= Continuous wound infiltration =

Pain management technique

Continuous wound infiltration (CWI) refers to the continuous infiltration of a local anesthetic into a surgical wound to aid in pain management during post-operative recovery.

==History==
Continuous wound infiltration first appeared on the market in the late 1990s when a US company (I-Flow Corporation) found a way to evenly spread and continuously infiltrate a local anesthetic, via a specially designed multi holed catheter, inside the wound, to enable post-operative pain treatment.

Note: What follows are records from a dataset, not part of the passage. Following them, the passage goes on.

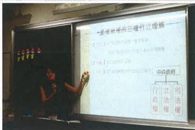
▲ 公開觀課教學現場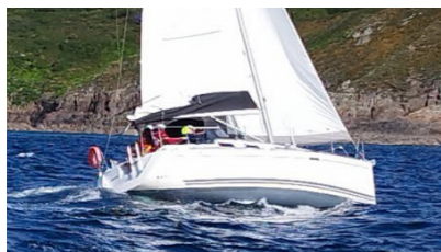
EMGANN Dufour 325 BATAILLE Benoît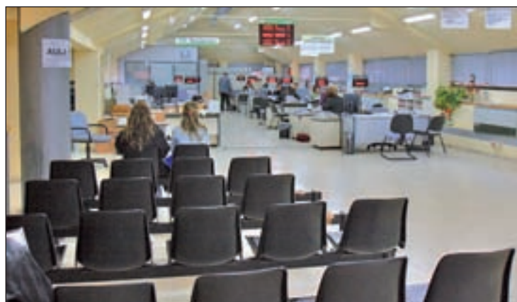
El Programa se desarrollará de marzo a junio de 2016

No obstante, desde el Ayuntamiento se ha informado de que "las personas desempleadas que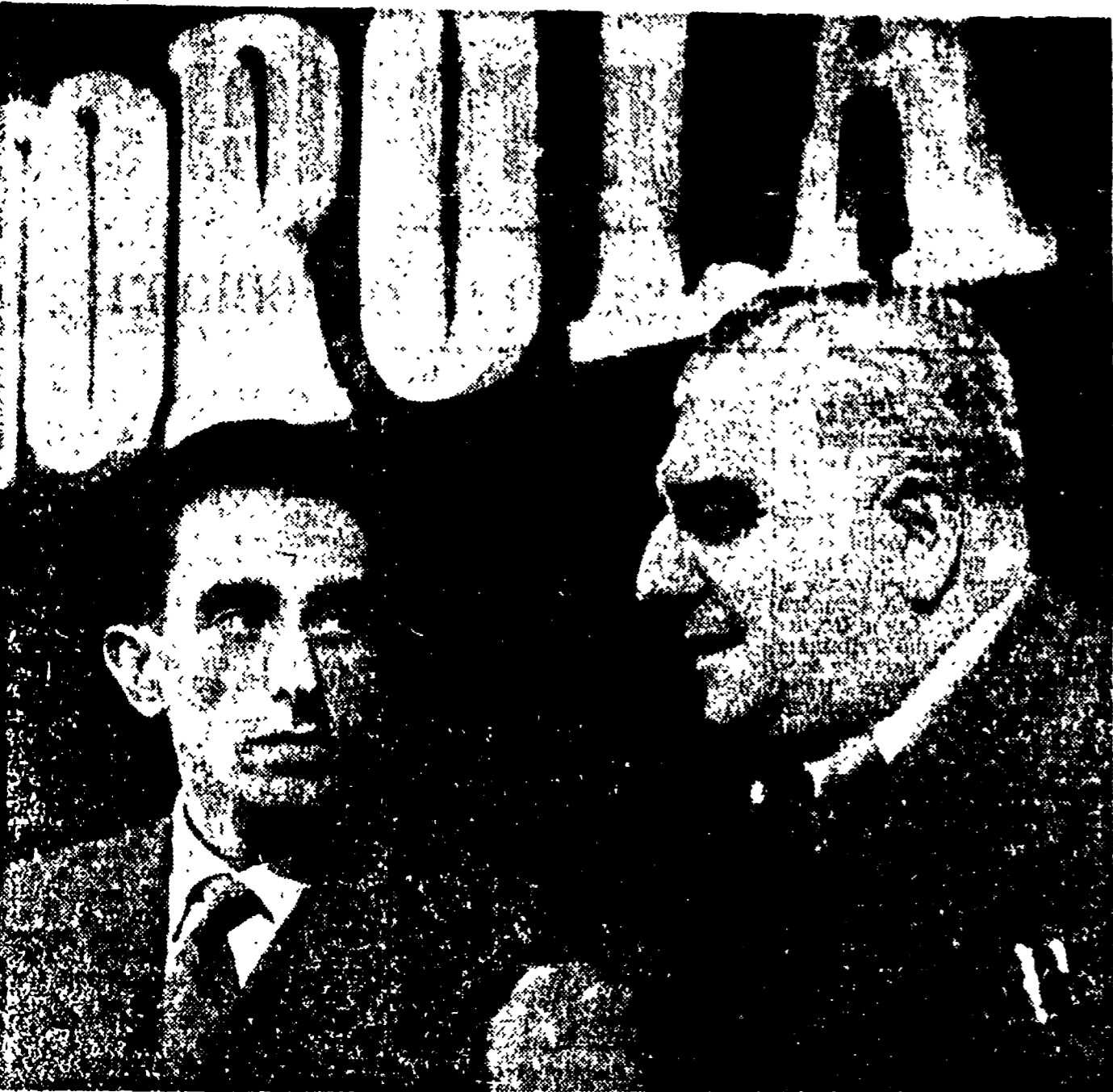
Il compagno Dozza (a destra), Sindaco di Bologna e membro del C. C. del Partito

The benefits of wound infiltration are quite prominent which is the reason why "single shot" wound infiltration had already been done for several decades. The limiting factor of the single shot approach has always been the half-life period of the local anesthetics which would not allow a long term post-op pain treatment.

==Technique==
A local anesthetic is administered into the wound with a specially designed, multi-holed catheter. The catheter allows for even spread throughout the entire area of the wound, depending on the size of the catheter.

The surgeon places the catheter during surgery shortly before closing the surgical incision. For best catheter placement and nerve blockage, the catheter must be located as close as possible to the nerve. Tunneling should be applied if a distal infiltration of the adjacent nerve root is preferred.

For thoracic and abdominal surgeries, the surgeon will place the catheter superior to the respective fascias. For thoracic surgeries, the catheter goes superior to the pleura. For all type of abdominal surgeries the catheter should be close to the peritoneum. A recent systematic review showed that deep wound catheters (placed pre-peritoneally or in the transversus abdominis plane), provide better pain control than subcutaneous wound catheters after abdominal surgery.

After being placed, the catheter is connected to an elastomeric pump that ensures a constant delivery of the anesthetic and also serves as the drug container. Depending on the flow rate and the pump size, one pump can provide continuous wound infiltration for several days.

==Outcomes==
CWI is considered as an effective alternative to other regional anesthetic techniques such as peripheral nerve blocks and spinal-epidural anesthesia. It is especially applicable where those techniques are contra-indicated, such as in patients using potent coagulants.

Besides, some patients might prefer an alternative to epidural analgesia because of epidural-related side effects. Epidural analgesia may lead to serious neurological complications (epidural haematoma and abscess, with an incidence of one in 1000–6000 for thoracic epidurals) and need for preoperative placement in awake patients, considered as cumbersome by many patients, sometimes leading to refusal.

The outcome in most cases is beneficial for the patient because of a faster return to normal body functions, less pain, faster rehabilitation and less side effects. CWI offers the opportunity to significantly minimize the use of narcotics during post-op pain management and reduces the side-effects (post-operative nausea and vomiting) that come with opioids. Also, CWI has been shown to provide more excellent satisfaction scores compared to alternatives.